Tuesday 30 April 2013

BLACK DOG

I’ve taken a day of entitlement and I’m sitting on a sunny beach, a safe distance from the sea.  It’s early and I’m reflecting on life – poetry, music, art, politics, economics, blah.  There’s not another soul around on the endlessly stretching sand.  Until ...

What the hell is her problem?  She’s running fast.  Fit type, down by the shore where the sand is firm, quite a way from me yet.  Desperate, like she’s pushing herself, as if she’s fleeing.  Oh dear God.  Further up the beach, I can see this black dot, far away yet, but moving so very fast.  The woman will not outrun it.  She’s opposite me now, I can hear her breath shrieking, she looks wildly at me and flings down the bag she’s carrying.  Further up I can see other possessions littering the shore, like she’s been shedding everything she ever owned.  This one’s her handbag, containing mobile, keys, money ...  “I can’t ... keep this up ...” she gasps and flings herself forward.

Evidently she can, because she is still running.  I pull some popcorn out of my beach bag.  I can see what the black thing is now – a massive dog; an evil presence, totally out of place in this Western paradise, terrible contrast to sun and sand and sea.  Yet here it is.  It glances at me as it runs past and I salute it with my popcorn packet.  The woman has progressed quite far, but the dog, all shaggy fur and long powerful legs closes in.  She dodges, rather like a gazelle, turning this way then that, to no avail.  There’s the inevitable stumble, the piercing scream of distress and it’s on her.  I can hear growls, snarls and skin torn by teeth.  I can see her hands flailing as she tries to fight, but her blood is staining the sand and every moment she’s getting weaker.  There’s no way of escape, not now the dog’s jaws are round her throat, cutting off air supply.  She’s a goner.  I watch until she stops twitching and so does the dog, ensuring that she’s really dead and not pretending.  Stupid animal, anyone whose throat is in that much of a mess is totally killed.
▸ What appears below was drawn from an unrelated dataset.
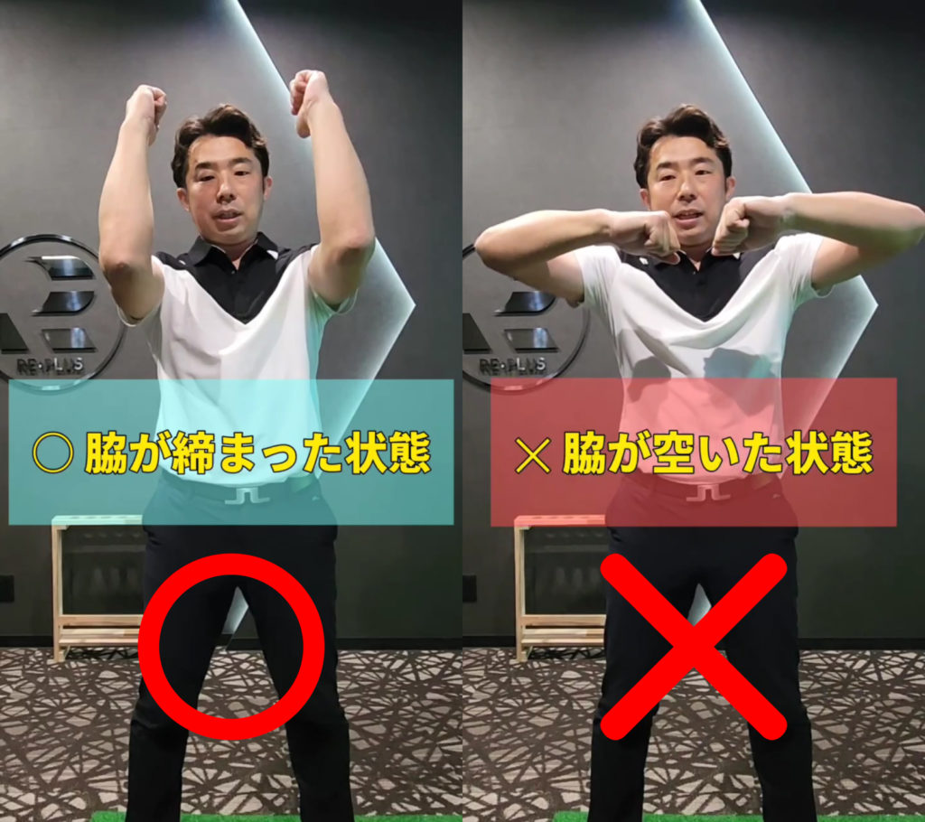 正しい脇の締まりがスイングを安定させる
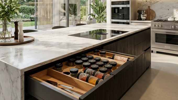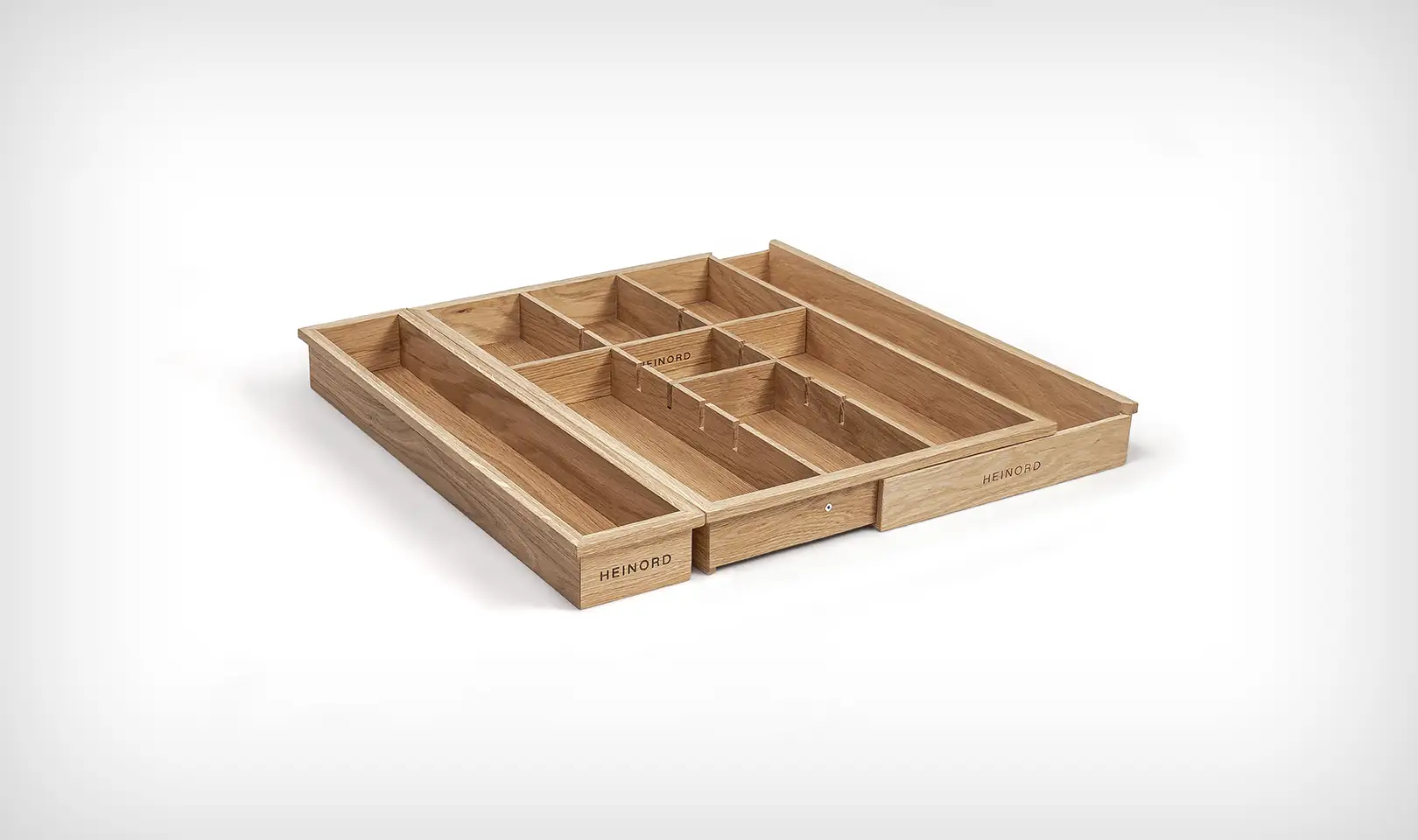 Jest wiele organizerów do szuflad kuchennych, ale naturalne, lite, dębowe drewno jest unikalnym materiałem w tym segmencie.

Well, that’s something you don’t see every day.  I lose interest, getting up and turning away.  I pick up beach bag, laptop satchel and towel; time to go home.  A movement catches my eye.  Even though it’s a way down the beach I can tell the dog is looking at me intensely, its ears are pricked.  The breeze carries the sound of a low menacing growl.  What’s it doing that for?  I haven’t done anything wrong.  Have I?  Fear takes hold; I grasp my possessions close to me and begin to hurry.  The car park is only half a mile up the beach.  I think I can make it.  I look over my shoulder, I’ve dropped the popcorn, but there’s no time to pick it up ... the black dog is coming.